#### PROBLEM STATEMENT
Beginning with the line that contains "ter hoogte van", reproduce the remaining lines of the material exactly, up to and including the last one, but no pictures.

#### INPUT FOR THIS TASK

------

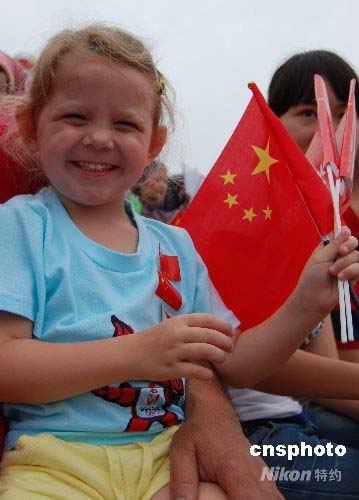 圖:外國小朋友在廣西百色熱情迎接奧運圣火
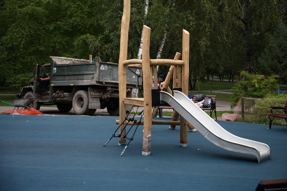 Деревянные качели и горка из Чехии появились в Нарымском сквере
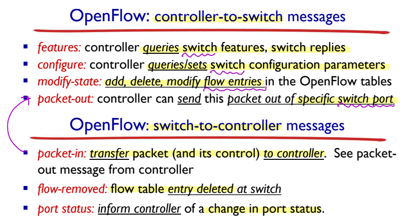 - OpenFlow 메시지에는 세 종류가 있다.
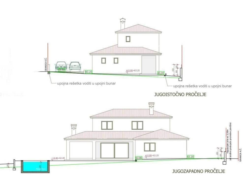 Prodajemo kuću u izgradnji u neposrednoj blizini grada Pule.Kuća modernog dizajna, sastoji se od prizemlja i 1.kata, koji uključuju: prostrani dnevni boravak, kuhinju, blagovaonicu, više spavaćih soba i kupaonica. Na prostranoj okućnici nalazi se natkrivena terasa i bazen idealan za uživanje tijekom ljetnih mjeseci.Uz objekt su predviđena i tri parkirna mjesta, osiguravajući praktičnost i udobnost budućim vlasnicima.Lokacija na kojoj se nalazi kuća pruža mir i privatnost, a istovremeno se nalazi u neposrednoj blizini svih potrebnih sadržaja i samo nekoliko minuta vožnje od centra Pule te prekrasnih plaža i prirodnih ljepota Istre.Napomena: Kuća se prodaje po naznačenoj cijeni u Roh bau fazi.Za dodatne informacije, molimo kontaktirajte:Azra+385 91 611 5706+385 98 420 885 azra@almadominvest.com
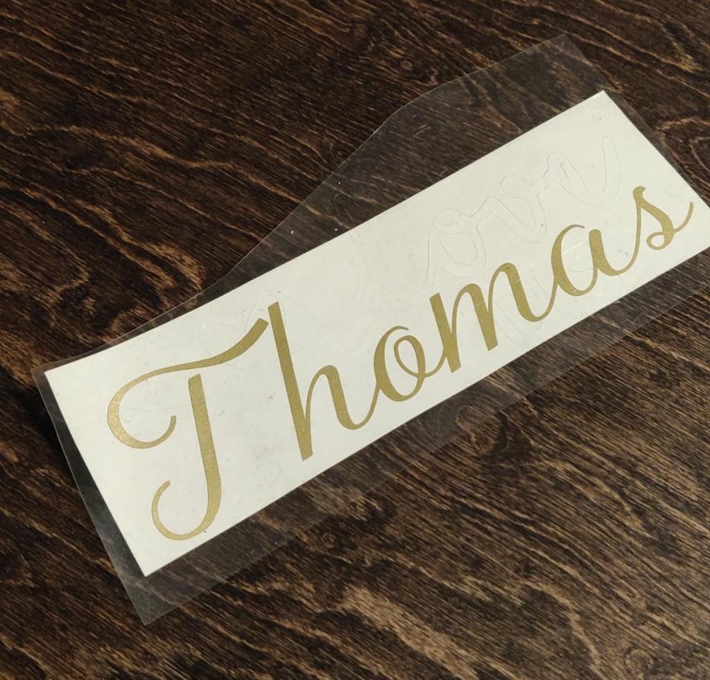 Next step was the Thomas. I will confess the longest part of most of my Cricut projects is deciding on a font. I didn’t have any I was really in love with, so I went and found some new ones to pick from, which added to the length of time I spent on this project. For some reason the letter T just isn’t pretty in all fonts, some it looks like an F, others it looks like a J…it’s the too critical side of me again. So after checking out fontbundles.net and many free fonts later I found the Christina font. I made this 6 inches wide and about an inch and a half tall.
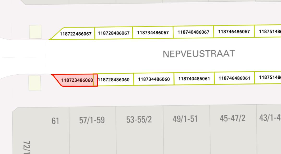 ter hoogte van perceel Nepveustraat 57-59 een gehandicaptenparkeerplaats op kenteken is gelegen;
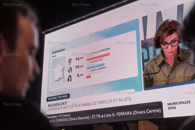 Légende : Emmanuel Gregoire, le candidat socialiste à la tête de l'union de la gauche pour les municipales de Paris, remporte l'election face a son opposante Rachida Dati (droite-centre) le 22 mars 2026. Paris, 22 mars 2026. Teo Manisier / Riva Press /// Emmanuel Gregoire, the Socialist candidate leading the left-wing coalition in the Paris mayoral election, defeated his opponent Rachida Dati (center-right) on March 22, 2026. Paris, March 22, 2026. Teo Manisier / Riva Press

------

#### WRITTEN RESPONSE
 ter hoogte van perceel Nepveustraat 57-59 een gehandicaptenparkeerplaats op kenteken is gelegen;
 Légende : Emmanuel Gregoire, le candidat socialiste à la tête de l'union de la gauche pour les municipales de Paris, remporte l'election face a son opposante Rachida Dati (droite-centre) le 22 mars 2026. Paris, 22 mars 2026. Teo Manisier / Riva Press /// Emmanuel Gregoire, the Socialist candidate leading the left-wing coalition in the Paris mayoral election, defeated his opponent Rachida Dati (center-right) on March 22, 2026. Paris, March 22, 2026. Teo Manisier / Riva Press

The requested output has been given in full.